心臓の病気は、患者さんの年齢や体質、糖尿病や高血圧症、高コレステロール血症などの生活習慣病の有無などに応じた治療をする必要があるため、一人ひとりの患者さんに合わせた診療を行っています。

特色

5名の常勤医師と1名の非常勤医師が診療に当たっています。日本不整脈学会研修認定施設に認定されており、2名の不整脈専門医が常勤し診療にあたっています。

主な対象疾患

動脈硬化が原因となる虚血性心疾患(狭心症、心筋梗塞)、脈の乱れを起こす病気である不整脈(心房細動、房室ブロックなど)、心臓弁膜の病気(弁膜症)、生まれつき心臓に問題のある先天性心疾患(心房中隔欠損など)

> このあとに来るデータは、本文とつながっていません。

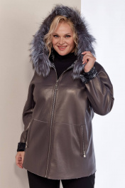 Дубленка двухсторонняя из искусственной кожи с меховой отделкой Shetti 2158 баклажан

動脈硬化が原因となる虚血性心疾患(狭心症、心筋梗塞)
狭心症、心筋梗塞などの虚血性心疾患は、動脈硬化などにより心臓を栄養する血管(冠動脈)が狭くなったり塞がったりすることにより、心臓に送られる栄養分や酸素などを含んだ血液が不足することが原因で起こる疾患です。主な症状は胸や背中の痛み、圧迫感、息苦しさ、冷や汗、意識障害などです。

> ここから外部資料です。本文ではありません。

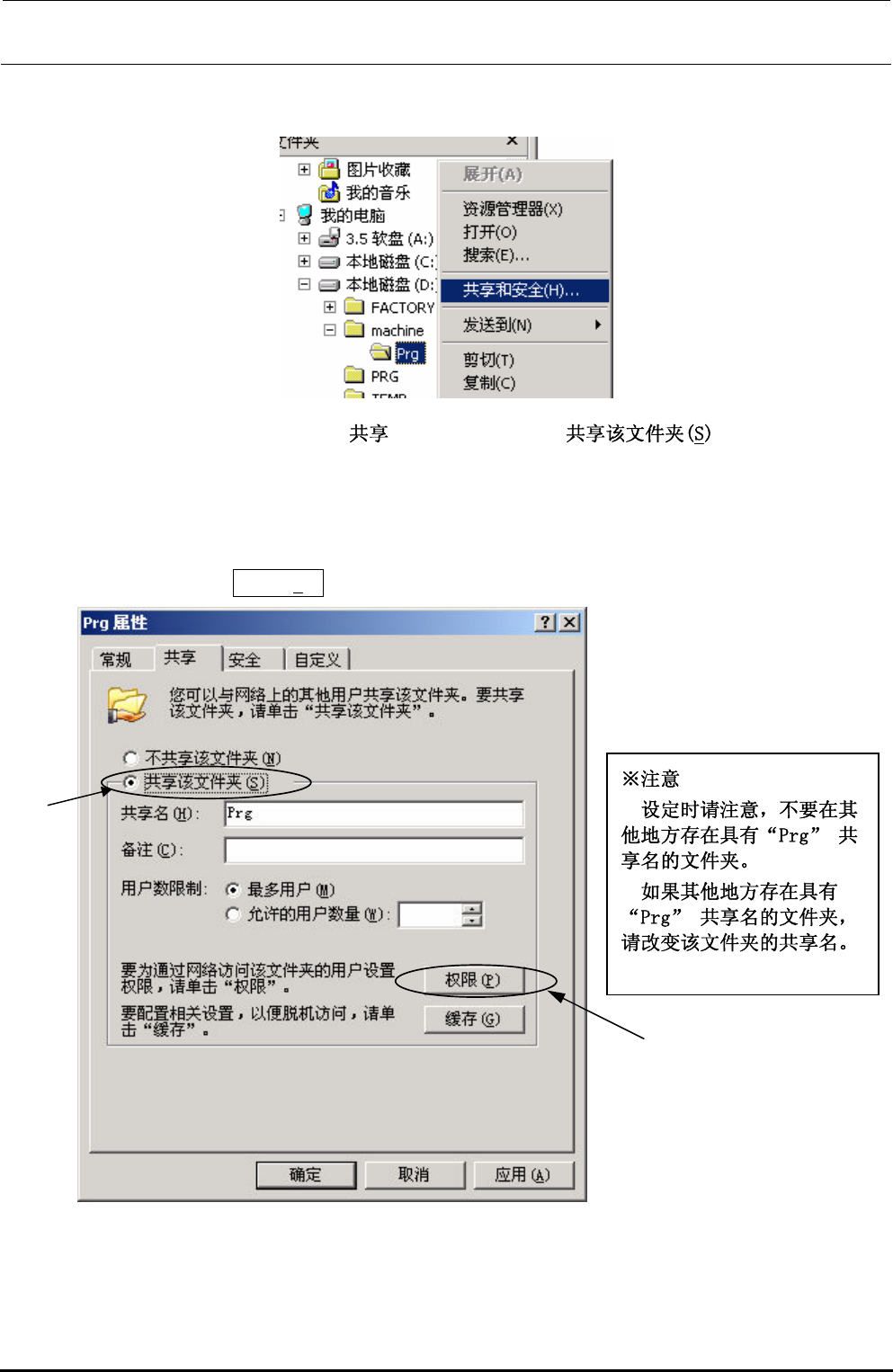 · 如共享文件夹名尚不是“Prg”,请改为“Prg”。

脈の乱れを起こす病気である不整脈(心房細動、房室ブロックなど)
脈が速くなる・遅くなる、脈が飛ぶなど心臓の拍動リズムに異常をきたす病気を不整脈といいます。必ずしも不整脈の全てが治療を必要とするわけではありませんが、動悸や胸部違和感、失神感やめまいといった症状がある場合は、12誘導心電図やホルター心電図、貸出し式心電計(ハートコーダー)などの詳しい検査を行う必要があります。


心臓弁膜の病気(弁膜症)
心臓にある4つの弁(大動脈弁、僧帽弁、肺動脈弁、三尖弁)のいずれか1つ以上に不具合が起こる病気です。 弁の開きが悪い狭窄症と、弁の閉じが悪い閉鎖不全症があり、心不全の原因にもなります。 心臓に雑音がある場合は弁膜症の可能性があるため、詳しい検査を受ける必要があります。


心膜の病気(心膜炎)
心臓を包む心膜に何らかの原因で炎症が起こった状態です。胸痛や動悸などの症状が起こる場合があります。炎症により心臓の周囲に水が溜まる心タンポナーデという状態を呈することもあります。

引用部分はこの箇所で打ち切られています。